About this exercise: The required output is the exact run of lines below that opens at the line with "(아름다운교육신문) 농업회사법인 유한회사" and closes at the line with "신비학자들에 의해, 세상을".

*** Material for the task ***

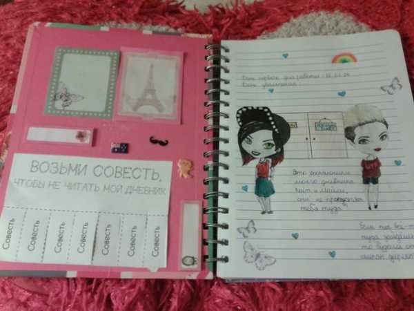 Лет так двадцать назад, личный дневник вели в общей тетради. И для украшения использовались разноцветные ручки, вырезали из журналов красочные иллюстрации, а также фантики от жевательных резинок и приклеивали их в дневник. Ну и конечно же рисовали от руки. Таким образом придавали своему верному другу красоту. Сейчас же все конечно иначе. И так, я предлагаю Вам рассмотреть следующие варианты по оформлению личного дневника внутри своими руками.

***
*** Material for the task ***

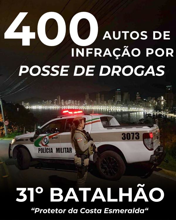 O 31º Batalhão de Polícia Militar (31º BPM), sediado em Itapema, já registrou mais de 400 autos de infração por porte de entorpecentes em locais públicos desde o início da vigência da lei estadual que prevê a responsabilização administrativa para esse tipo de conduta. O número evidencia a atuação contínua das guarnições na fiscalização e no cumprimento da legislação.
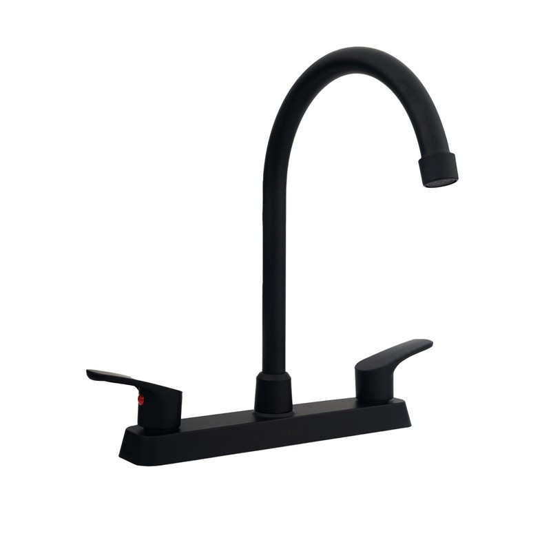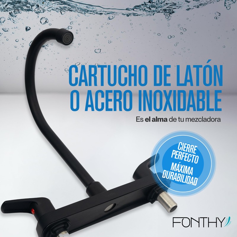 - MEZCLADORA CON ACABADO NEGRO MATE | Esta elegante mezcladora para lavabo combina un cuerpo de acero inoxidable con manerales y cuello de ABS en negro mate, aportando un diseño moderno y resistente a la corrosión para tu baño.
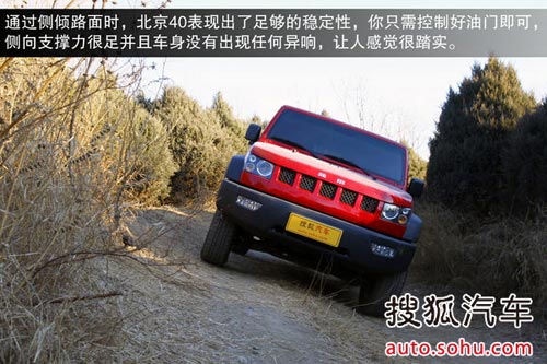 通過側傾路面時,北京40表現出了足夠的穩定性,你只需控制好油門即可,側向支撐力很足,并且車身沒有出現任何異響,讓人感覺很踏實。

***
*** Material for the task ***

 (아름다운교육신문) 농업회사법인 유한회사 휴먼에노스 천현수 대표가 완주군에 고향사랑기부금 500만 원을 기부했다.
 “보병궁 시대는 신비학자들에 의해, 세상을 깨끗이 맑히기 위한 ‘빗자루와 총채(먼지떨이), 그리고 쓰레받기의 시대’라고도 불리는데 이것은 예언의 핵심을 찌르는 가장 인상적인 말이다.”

***

Written solution:
 (아름다운교육신문) 농업회사법인 유한회사 휴먼에노스 천현수 대표가 완주군에 고향사랑기부금 500만 원을 기부했다.
 “보병궁 시대는 신비학자들에 의해, 세상을 깨끗이 맑히기 위한 ‘빗자루와 총채(먼지떨이), 그리고 쓰레받기의 시대’라고도 불리는데 이것은 예언의 핵심을 찌르는 가장 인상적인 말이다.”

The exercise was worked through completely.